Today felt a lot like yesterday. Yesterday I had end of the week paperwork, today I had end of the month paperwork. I had to compile rainfall, water level, wildlife, and water clarity reports and e-mail them to all of the right people. I had some help with these reports yesterday evening from another park worker, I was very grateful. I also had to update tracking forms for things like passes and inventory and fuel.
I took a break from paperwork mid-morning to walk around the park and open the cabin. It was a pretty quiet, overcast morning. I did find some life on the walkway though, always a happening place. I spotted this giant fly. It is a Black Horse Fly. I always get nervous when I see these from the back of a horse. Their bite is painful because its mouth actually slices at the skin and the fly drinks the blood. Horses usually get very antsy when they feel one of these flies on their back, they are also too big to smash with your hand to get them off of the horse. This is the first time I have ever stopped to really take a look at one. I learned today that its only the females that drink blood, the males feed on nectar. This one is a male and it probably had been feasting on some wildflowers.
On the dock I spotted this little Skink. This one still has its beautiful blue tail... most of it anyway. The tail is usually a bit longer and comes to a sharp point. There is a downside to being a small Skink living on a dock at the bottom of a walkway... people feet!
On the way back up the walkway, I spotted a few more insects. I thought that this grasshopper was interesting because of its bright red head. I haven't seen one like that before. The butterfly is Florida's state butterfly. It is a Zebra Longwing. They have a very unique shape, and I would have liked to show you the full spread of their wings, but Zebra Longwings are quick. They don't stay at each flower for long, especially when there is a camera after them.

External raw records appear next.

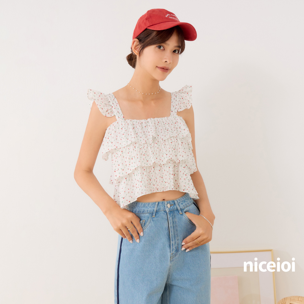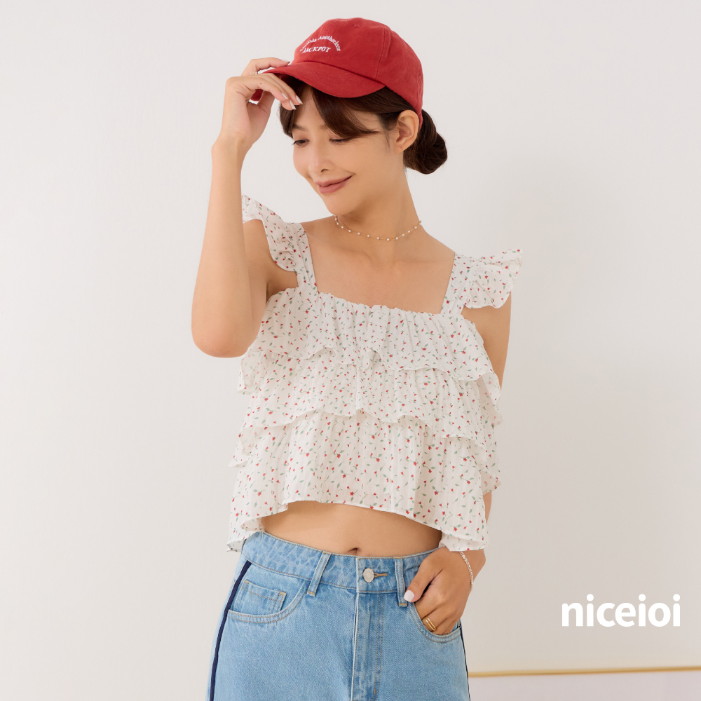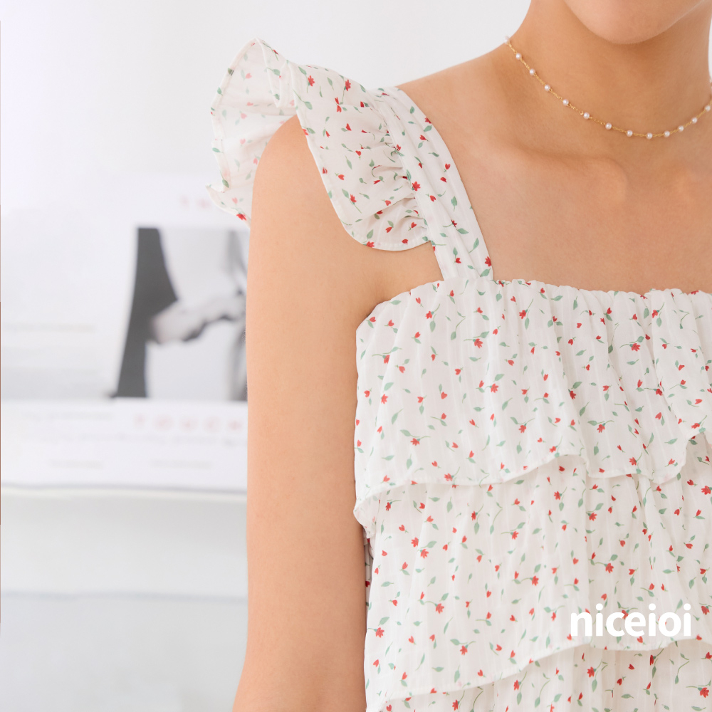 niceioi【特惠】微甜浪漫小花方領背心 女裝 直播白,FT-shirtsniceioi 官方旗艦店
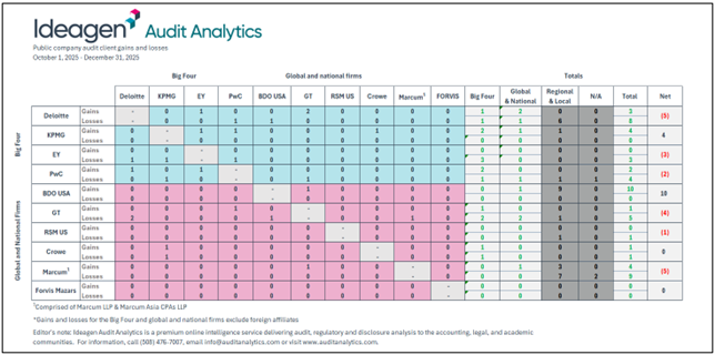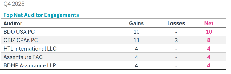 CBIZ CPAs PC gained the most audit clients in the fourth quarter of 2025 with 11 new clients. CBIZ lost 3 clients in the quarter, resulting in a net gain of 8 engagements. This continues CBIZ's strong performance following its acquisition of Marcum's attest business in November 2024.
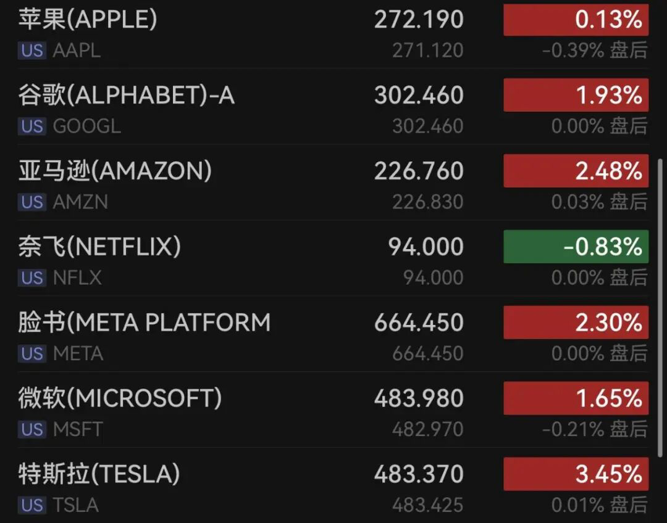 大型科技股集体上涨。特斯拉涨超3%,亚马逊、脸书涨超2%,谷歌、英伟达涨近2%,微软涨超1%,苹果涨0.13%。

They are said to be one of the smartest butterflies because they will return to the same spot each night to roost with a large group of others. I read that the older butterflies (up to 6 months) get the first choice on their individual roosting spot. They are also the first ones to wake in the morning and their fluttering wings waken the younger butterflies. I think it would be really cool to see a group of Zebra Longwings roosting.

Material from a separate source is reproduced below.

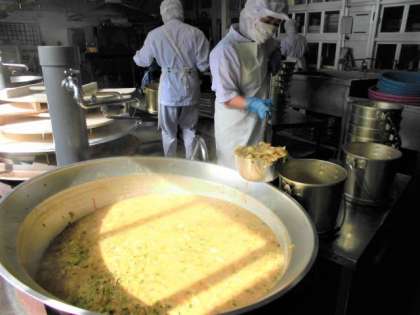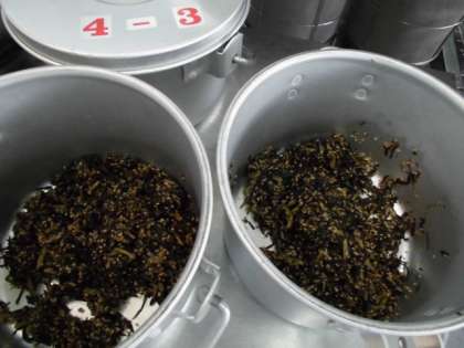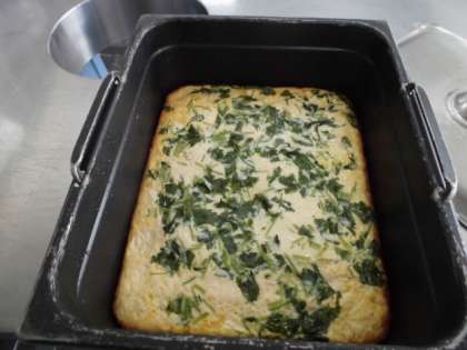 千草焼きは、卵に細かく刻んだ具を混ぜて焼いた料理です。給食の千草焼きは、だし・卵・ささみ・とうふ・コーンをミニバットに入れ、みつばをちらし、焼き物機で蒸し焼きにしています。
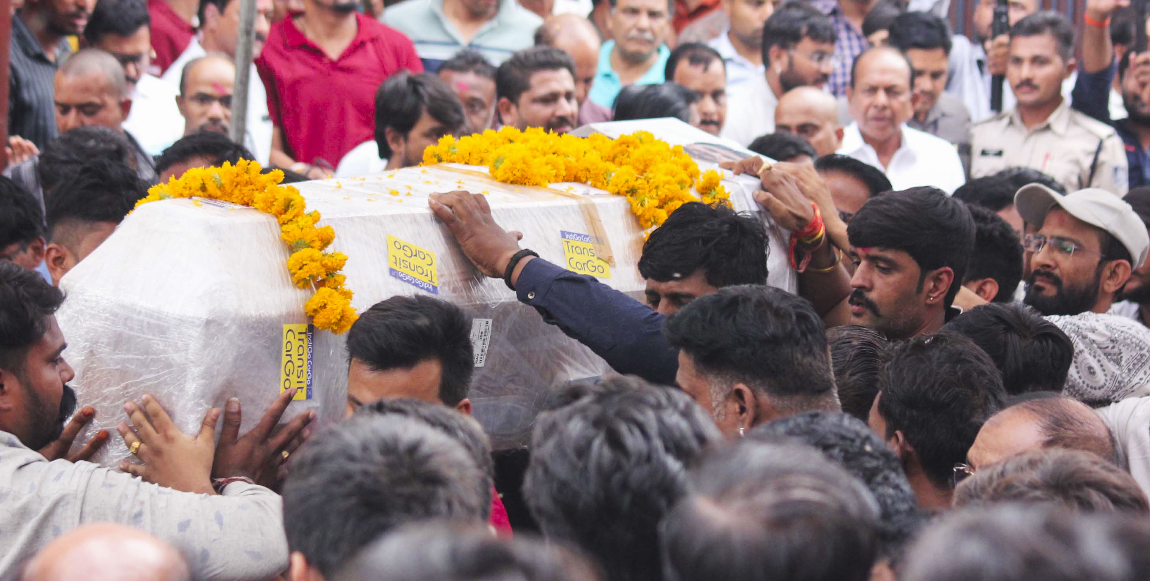 Indore: Relatives and family members attend the funeral of businessman Raja Raghuvanshi, who was found murdered days after he went missing with his wife in Meghalaya, in Indore, Wednesday, June 4, 2025. (Photo source: PTI)

After my walk, I finished up my paperwork, ate an early lunch, and got on the road to Ichetucknee. I didn't stay long when I dropped off my paperwork, I was just there yesterday. I was in and out again after a few quick photocopies. On the way back into Troy, I spotted these very vibrant fungi. I was surprised by color, it looks a lot like leather.

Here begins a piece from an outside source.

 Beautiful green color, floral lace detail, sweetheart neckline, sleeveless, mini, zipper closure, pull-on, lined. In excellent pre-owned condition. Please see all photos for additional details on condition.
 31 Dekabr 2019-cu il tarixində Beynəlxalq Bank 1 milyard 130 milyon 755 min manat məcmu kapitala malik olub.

Back at the office, I was determined to get out and find a project outside. I had a few potential ideas in mind. Things just didn't go my way though... for the rest of the day. I remembered that I had to take another look at an e-mail and respond with comments. I was finishing that up when my evening relief came in, I chatted with her for a few minutes and more e-mails popped up. Before long, my day was over. I really wanted some time outside though, so I decided to ride the mower home and cut the grass around my house. I got about 1/3 of the way through the yard and an alarm on the mower went off. I think it was over heating. I checked the oil and everything else I could think of to check and it seemed fine. I let it cool down for a few minutes and opened up the fence to the back yard. I picked up all of the dog's toys and went back to check the mower. It wouldn't start. I left it to puzzle over in the morning and went back to the office to get my truck and the weed eater. At least I got the edges of the yard and the trimming around the house done. I really hope the mower is OK.

Monday, August 31, 2009

Motatory Monday

Its Monday again. It was a drab and cloudy Monday, the kind of day that is best spent in the office doing paperwork. That's what I did all morning. I did all of my usual Monday reports and paperwork and got it all out of the way pretty quickly. I did a bit of e-mailing and then headed out for a walk. I knew that the rest of my day would be spent doing other things, so I wanted some time to enjoy the park and make sure that everything was as it should be.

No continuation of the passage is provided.